IRO Executive Director Editha Martin added, “A wide range of administrative and legislative measures implemented over the past six years will help institutionalize sound governance and economic policies over the long term,” implying, with the same conviction of a Christian missionary trying to convince an audience of Hindus that there is only one God, that Aquino’s good work is something that is otherwise universally recognized.
The comments from the government, however, conveniently only address one of the two simple considerations underlying the whole concept of credit ratings: How reliable is the country as a debtor, and how much debt can it afford? The ‘sound fundamentals’ highlighted by Purisima and the IRO are indicators of the country’s stability as a debtor, and indeed, that is an entirely positive factor; Philippine finances are suitably organized to allow it to meet its debt obligations, and they are managed well.
But how much debt the country can afford is another matter entirely, and where the Philippines significantly lags its better-rated peers. Since the IRO used indicators to make its point, I’ll share two different ones, using data from the World Bank and the UN Conference on Trade and Development (UNCTAD).

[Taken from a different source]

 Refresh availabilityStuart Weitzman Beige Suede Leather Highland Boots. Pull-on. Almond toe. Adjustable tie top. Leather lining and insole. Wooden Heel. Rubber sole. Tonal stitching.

The Philippines’ GDP per capita, which is about the best indicator of national productivity or earning power, was just $1,649 at the end of 2014; in Thailand, it was $3,451; Colombia, $4,549; Panama, $8,087; Mexico, $8,626; Spain, $25,618; and in Italy, $28,484.
FDI is also a good indicator of the country’s earning power, and in this respect, the Philippines, which drew in $6.2 billion in foreign direct investments in 2014, is a little ahead of tiny Panama at $4.7 billion – which has precisely one thing going for it, the canal – but trails Italy’s $11.5 billion, Thailand’s $12.6 billion, Colombia $16.1 billion, and the approximately $22.8 billion each gathered by Mexico and Spain.
In gross terms, what the Philippines’ credit rating is saying is, yes, the country is very likely to pay back a loan in good order, but has limited income or equity and, therefore, is limited in how large a debt it can take on – good enough to make Philippine investment grade, but only just. If anything, Fitch’s positively adjusted outlook should be considered the stamp of approval the government was looking for, if they really believe their own press about setting the country up for long-term fiscal stability.
Fitch, which has always seemed a little kinder to the Philippines in its ratings reviews and other assessments than the other credit agencies, is the only one who sees things improving in the near future. That is a fairly strong vote of confidence, because it assumes the improvement will be on the income side, given that the fiscal management environment is already deemed sound.
Of course, the government was obviously hoping for something a little less sublime, but the Fitch rating is probably reasonably accurate; according to the Trading Economics (TE) model (which is entirely quantitative, unlike ‘real’ ratings, which rely on a significant amount of judgment), the Fitch rating and outlook is rather optimistic. TE gives the Philippines a score of 54 out of 100 —on the borderline between junk and investment grade.